**How to complete this task**
For each entry, repeat the text exactly and omit any picture it holds.

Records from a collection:
%%

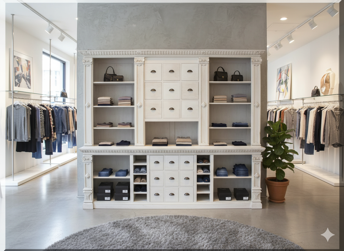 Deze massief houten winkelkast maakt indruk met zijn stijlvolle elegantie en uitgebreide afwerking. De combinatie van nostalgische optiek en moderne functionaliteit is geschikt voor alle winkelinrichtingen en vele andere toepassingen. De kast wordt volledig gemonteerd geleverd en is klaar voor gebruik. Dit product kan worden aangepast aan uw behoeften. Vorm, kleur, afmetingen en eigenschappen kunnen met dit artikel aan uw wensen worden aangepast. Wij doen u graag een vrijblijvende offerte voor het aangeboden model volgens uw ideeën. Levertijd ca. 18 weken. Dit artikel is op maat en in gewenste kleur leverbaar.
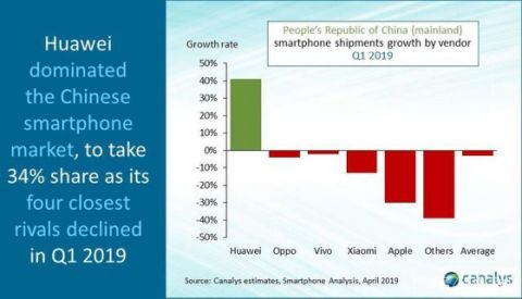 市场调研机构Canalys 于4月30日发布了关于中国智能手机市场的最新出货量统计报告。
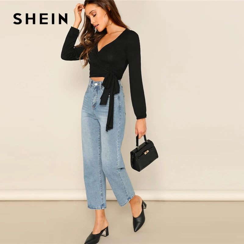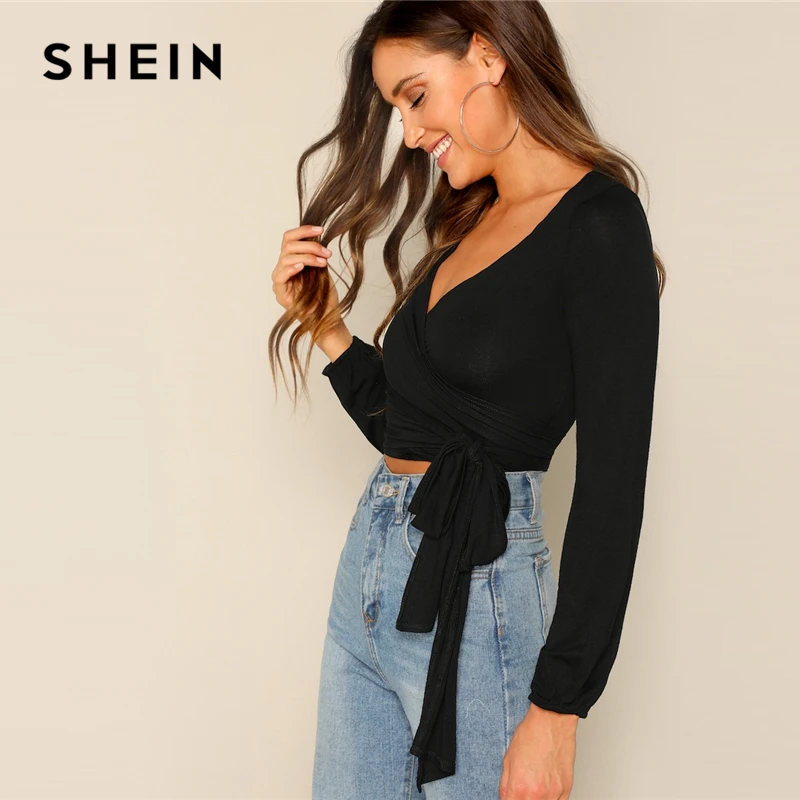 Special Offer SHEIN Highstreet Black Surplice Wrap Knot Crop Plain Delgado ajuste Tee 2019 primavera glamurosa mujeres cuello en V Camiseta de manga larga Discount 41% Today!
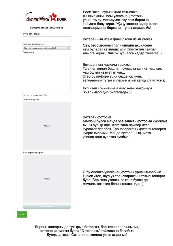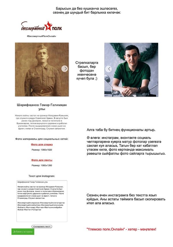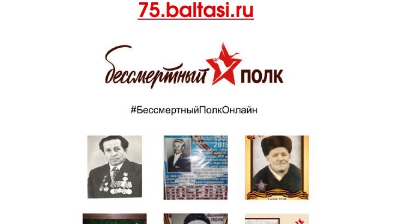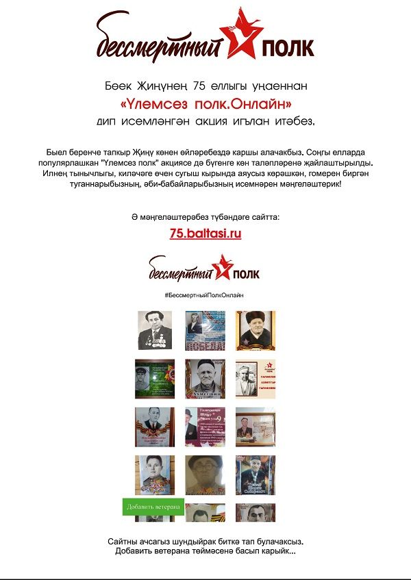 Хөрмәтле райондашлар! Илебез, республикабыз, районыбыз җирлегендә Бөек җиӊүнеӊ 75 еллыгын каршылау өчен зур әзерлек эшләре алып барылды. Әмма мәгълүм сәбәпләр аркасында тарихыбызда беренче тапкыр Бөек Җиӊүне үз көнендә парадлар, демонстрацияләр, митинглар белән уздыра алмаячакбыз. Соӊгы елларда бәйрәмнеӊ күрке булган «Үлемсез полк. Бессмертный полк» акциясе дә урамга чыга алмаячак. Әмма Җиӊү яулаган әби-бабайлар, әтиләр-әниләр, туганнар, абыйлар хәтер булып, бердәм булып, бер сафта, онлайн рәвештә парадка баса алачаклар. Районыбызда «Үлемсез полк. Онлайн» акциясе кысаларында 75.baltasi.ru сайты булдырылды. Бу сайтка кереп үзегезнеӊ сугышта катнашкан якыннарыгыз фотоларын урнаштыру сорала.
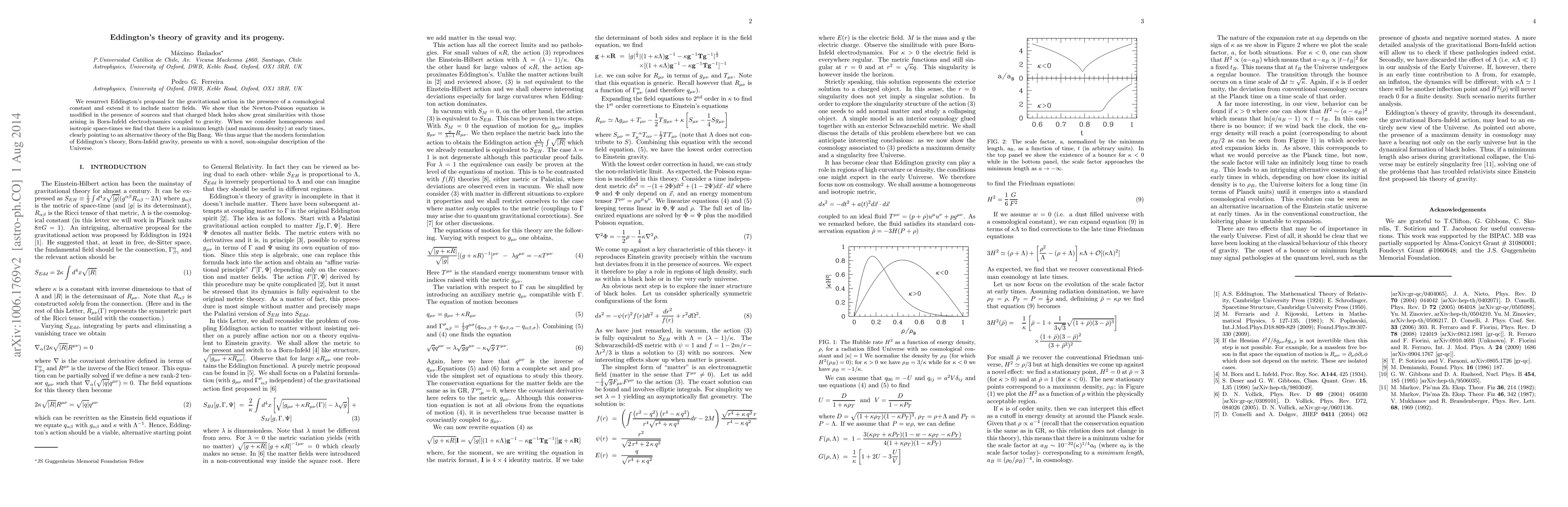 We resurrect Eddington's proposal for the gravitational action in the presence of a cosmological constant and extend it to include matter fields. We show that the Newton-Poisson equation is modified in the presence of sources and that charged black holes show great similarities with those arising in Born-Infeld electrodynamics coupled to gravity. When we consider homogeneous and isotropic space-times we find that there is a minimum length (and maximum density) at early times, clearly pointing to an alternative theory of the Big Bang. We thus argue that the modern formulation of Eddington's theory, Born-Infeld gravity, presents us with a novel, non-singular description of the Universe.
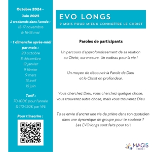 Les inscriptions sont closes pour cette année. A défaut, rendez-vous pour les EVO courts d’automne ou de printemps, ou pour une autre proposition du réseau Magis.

%%

**Answer to the problem**
 Deze massief houten winkelkast maakt indruk met zijn stijlvolle elegantie en uitgebreide afwerking. De combinatie van nostalgische optiek en moderne functionaliteit is geschikt voor alle winkelinrichtingen en vele andere toepassingen. De kast wordt volledig gemonteerd geleverd en is klaar voor gebruik. Dit product kan worden aangepast aan uw behoeften. Vorm, kleur, afmetingen en eigenschappen kunnen met dit artikel aan uw wensen worden aangepast. Wij doen u graag een vrijblijvende offerte voor het aangeboden model volgens uw ideeën. Levertijd ca. 18 weken. Dit artikel is op maat en in gewenste kleur leverbaar.
 市场调研机构Canalys 于4月30日发布了关于中国智能手机市场的最新出货量统计报告。
 Special Offer SHEIN Highstreet Black Surplice Wrap Knot Crop Plain Delgado ajuste Tee 2019 primavera glamurosa mujeres cuello en V Camiseta de manga larga Discount 41% Today!
 Хөрмәтле райондашлар! Илебез, республикабыз, районыбыз җирлегендә Бөек җиӊүнеӊ 75 еллыгын каршылау өчен зур әзерлек эшләре алып барылды. Әмма мәгълүм сәбәпләр аркасында тарихыбызда беренче тапкыр Бөек Җиӊүне үз көнендә парадлар, демонстрацияләр, митинглар белән уздыра алмаячакбыз. Соӊгы елларда бәйрәмнеӊ күрке булган «Үлемсез полк. Бессмертный полк» акциясе дә урамга чыга алмаячак. Әмма Җиӊү яулаган әби-бабайлар, әтиләр-әниләр, туганнар, абыйлар хәтер булып, бердәм булып, бер сафта, онлайн рәвештә парадка баса алачаклар. Районыбызда «Үлемсез полк. Онлайн» акциясе кысаларында 75.baltasi.ru сайты булдырылды. Бу сайтка кереп үзегезнеӊ сугышта катнашкан якыннарыгыз фотоларын урнаштыру сорала.
 We resurrect Eddington's proposal for the gravitational action in the presence of a cosmological constant and extend it to include matter fields. We show that the Newton-Poisson equation is modified in the presence of sources and that charged black holes show great similarities with those arising in Born-Infeld electrodynamics coupled to gravity. When we consider homogeneous and isotropic space-times we find that there is a minimum length (and maximum density) at early times, clearly pointing to an alternative theory of the Big Bang. We thus argue that the modern formulation of Eddington's theory, Born-Infeld gravity, presents us with a novel, non-singular description of the Universe.
 Les inscriptions sont closes pour cette année. A défaut, rendez-vous pour les EVO courts d’automne ou de printemps, ou pour une autre proposition du réseau Magis.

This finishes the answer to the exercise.